==== Data supplied ====
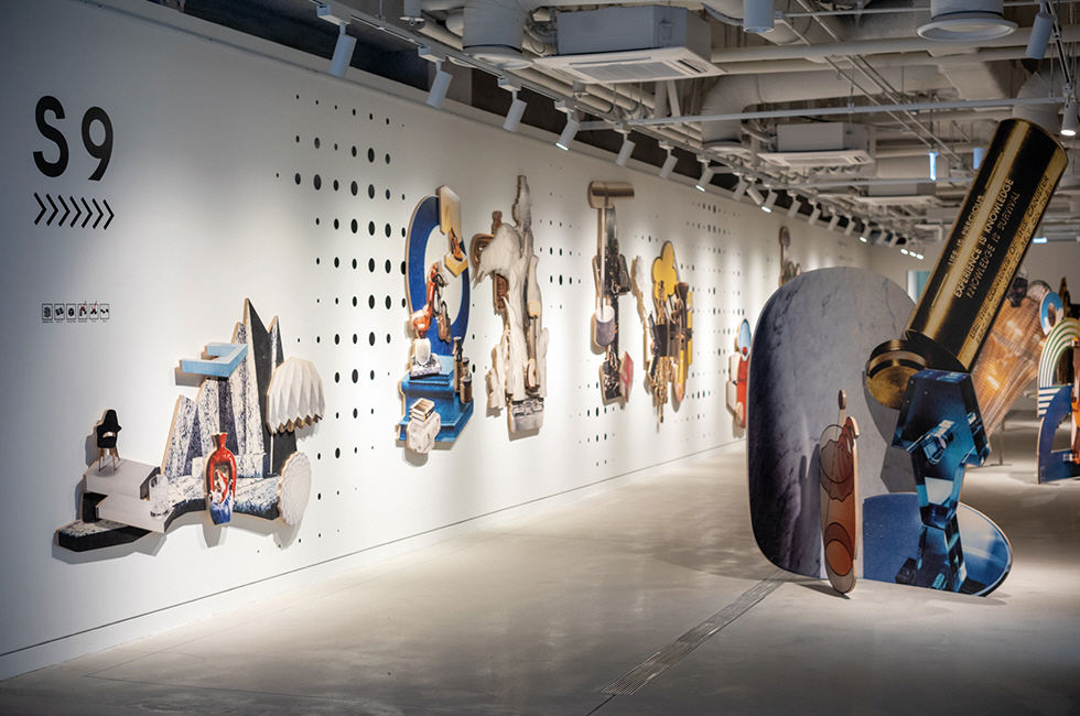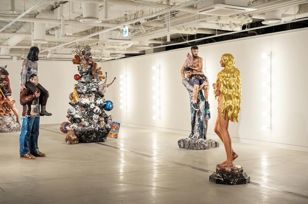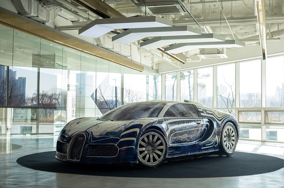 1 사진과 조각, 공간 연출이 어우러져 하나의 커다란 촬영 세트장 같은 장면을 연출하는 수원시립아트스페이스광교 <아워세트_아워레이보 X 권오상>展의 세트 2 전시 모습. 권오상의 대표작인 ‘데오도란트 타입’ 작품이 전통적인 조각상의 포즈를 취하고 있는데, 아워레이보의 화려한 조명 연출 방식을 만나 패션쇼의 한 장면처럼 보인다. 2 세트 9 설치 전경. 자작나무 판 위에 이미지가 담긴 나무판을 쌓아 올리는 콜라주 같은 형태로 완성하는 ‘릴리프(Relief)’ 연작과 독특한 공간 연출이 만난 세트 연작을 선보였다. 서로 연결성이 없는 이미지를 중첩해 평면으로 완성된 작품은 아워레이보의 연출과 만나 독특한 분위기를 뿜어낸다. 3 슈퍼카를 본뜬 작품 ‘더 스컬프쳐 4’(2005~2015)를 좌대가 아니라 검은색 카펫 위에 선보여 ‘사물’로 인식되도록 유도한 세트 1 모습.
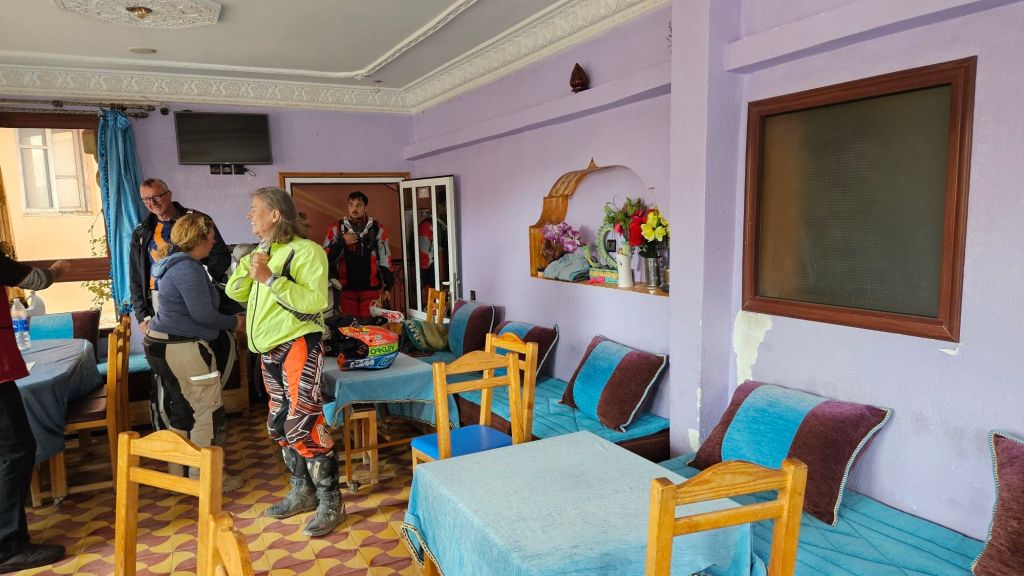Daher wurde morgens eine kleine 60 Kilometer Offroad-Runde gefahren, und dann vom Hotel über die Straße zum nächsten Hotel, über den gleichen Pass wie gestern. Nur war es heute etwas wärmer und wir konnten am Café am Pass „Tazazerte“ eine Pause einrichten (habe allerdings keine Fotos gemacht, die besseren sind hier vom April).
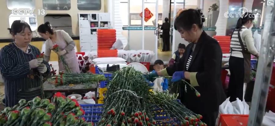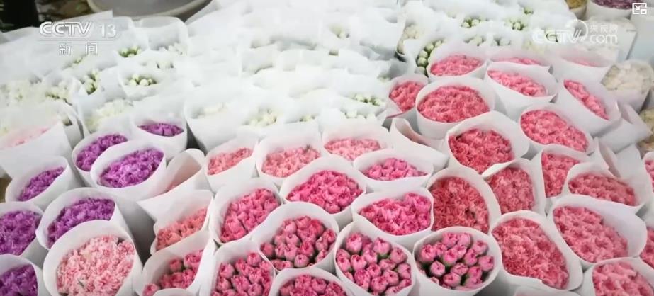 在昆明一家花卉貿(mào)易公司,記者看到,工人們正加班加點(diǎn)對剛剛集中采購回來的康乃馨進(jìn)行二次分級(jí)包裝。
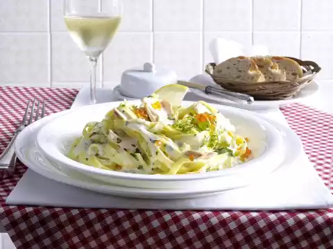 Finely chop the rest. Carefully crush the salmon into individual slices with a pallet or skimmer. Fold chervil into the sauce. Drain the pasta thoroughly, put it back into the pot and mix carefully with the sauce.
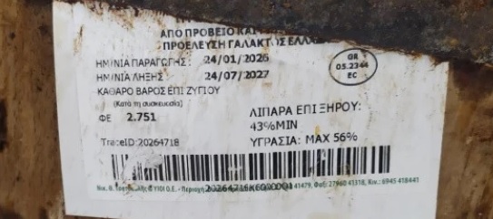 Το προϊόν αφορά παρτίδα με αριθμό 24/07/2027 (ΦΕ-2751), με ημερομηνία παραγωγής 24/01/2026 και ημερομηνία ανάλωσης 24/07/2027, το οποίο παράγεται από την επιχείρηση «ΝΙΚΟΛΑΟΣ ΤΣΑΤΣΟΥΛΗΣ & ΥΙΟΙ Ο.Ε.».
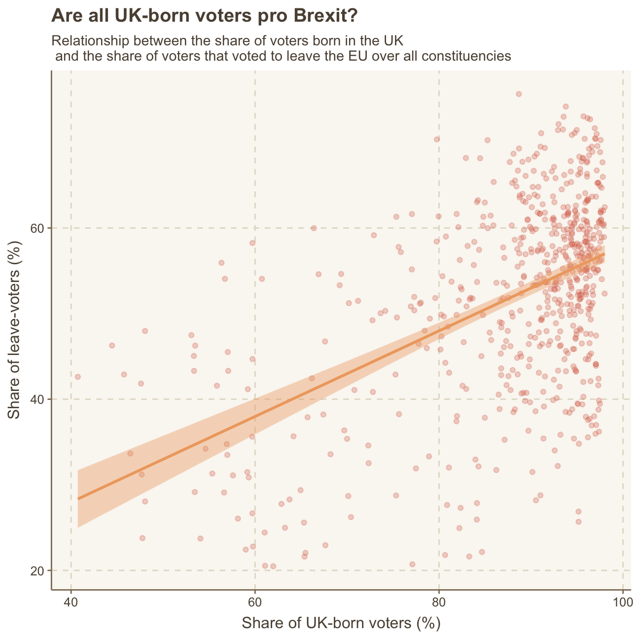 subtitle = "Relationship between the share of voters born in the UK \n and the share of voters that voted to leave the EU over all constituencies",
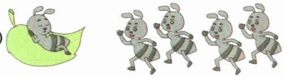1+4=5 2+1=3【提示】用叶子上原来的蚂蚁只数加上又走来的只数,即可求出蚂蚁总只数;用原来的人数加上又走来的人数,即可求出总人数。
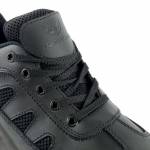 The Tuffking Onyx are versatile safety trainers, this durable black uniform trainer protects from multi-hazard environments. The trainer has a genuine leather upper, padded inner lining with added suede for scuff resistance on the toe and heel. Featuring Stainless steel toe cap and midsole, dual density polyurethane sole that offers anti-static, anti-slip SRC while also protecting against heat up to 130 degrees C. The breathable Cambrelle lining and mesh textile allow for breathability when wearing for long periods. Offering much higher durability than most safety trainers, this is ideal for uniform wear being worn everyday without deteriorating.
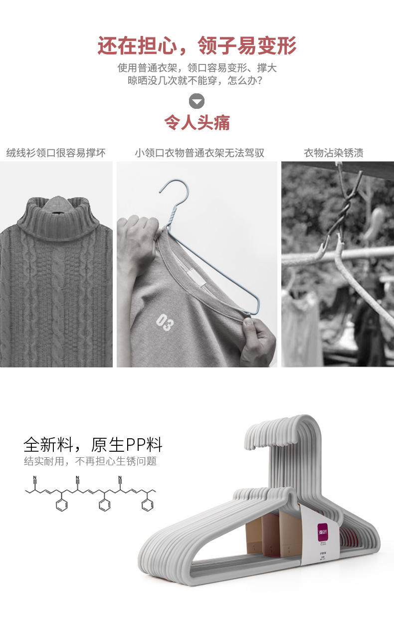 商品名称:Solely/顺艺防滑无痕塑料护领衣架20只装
====
**Task goal:** Do not include the images; transcribe the rest of the listing exactly.

**Reply:**
 1 사진과 조각, 공간 연출이 어우러져 하나의 커다란 촬영 세트장 같은 장면을 연출하는 수원시립아트스페이스광교 <아워세트_아워레이보 X 권오상>展의 세트 2 전시 모습. 권오상의 대표작인 ‘데오도란트 타입’ 작품이 전통적인 조각상의 포즈를 취하고 있는데, 아워레이보의 화려한 조명 연출 방식을 만나 패션쇼의 한 장면처럼 보인다. 2 세트 9 설치 전경. 자작나무 판 위에 이미지가 담긴 나무판을 쌓아 올리는 콜라주 같은 형태로 완성하는 ‘릴리프(Relief)’ 연작과 독특한 공간 연출이 만난 세트 연작을 선보였다. 서로 연결성이 없는 이미지를 중첩해 평면으로 완성된 작품은 아워레이보의 연출과 만나 독특한 분위기를 뿜어낸다. 3 슈퍼카를 본뜬 작품 ‘더 스컬프쳐 4’(2005~2015)를 좌대가 아니라 검은색 카펫 위에 선보여 ‘사물’로 인식되도록 유도한 세트 1 모습.
Daher wurde morgens eine kleine 60 Kilometer Offroad-Runde gefahren, und dann vom Hotel über die Straße zum nächsten Hotel, über den gleichen Pass wie gestern. Nur war es heute etwas wärmer und wir konnten am Café am Pass „Tazazerte“ eine Pause einrichten (habe allerdings keine Fotos gemacht, die besseren sind hier vom April).
 在昆明一家花卉貿(mào)易公司,記者看到,工人們正加班加點(diǎn)對剛剛集中采購回來的康乃馨進(jìn)行二次分級(jí)包裝。
 Finely chop the rest. Carefully crush the salmon into individual slices with a pallet or skimmer. Fold chervil into the sauce. Drain the pasta thoroughly, put it back into the pot and mix carefully with the sauce.
 Το προϊόν αφορά παρτίδα με αριθμό 24/07/2027 (ΦΕ-2751), με ημερομηνία παραγωγής 24/01/2026 και ημερομηνία ανάλωσης 24/07/2027, το οποίο παράγεται από την επιχείρηση «ΝΙΚΟΛΑΟΣ ΤΣΑΤΣΟΥΛΗΣ & ΥΙΟΙ Ο.Ε.».
 subtitle = "Relationship between the share of voters born in the UK \n and the share of voters that voted to leave the EU over all constituencies",
1+4=5 2+1=3【提示】用叶子上原来的蚂蚁只数加上又走来的只数,即可求出蚂蚁总只数;用原来的人数加上又走来的人数,即可求出总人数。
 The Tuffking Onyx are versatile safety trainers, this durable black uniform trainer protects from multi-hazard environments. The trainer has a genuine leather upper, padded inner lining with added suede for scuff resistance on the toe and heel. Featuring Stainless steel toe cap and midsole, dual density polyurethane sole that offers anti-static, anti-slip SRC while also protecting against heat up to 130 degrees C. The breathable Cambrelle lining and mesh textile allow for breathability when wearing for long periods. Offering much higher durability than most safety trainers, this is ideal for uniform wear being worn everyday without deteriorating.
 商品名称:Solely/顺艺防滑无痕塑料护领衣架20只装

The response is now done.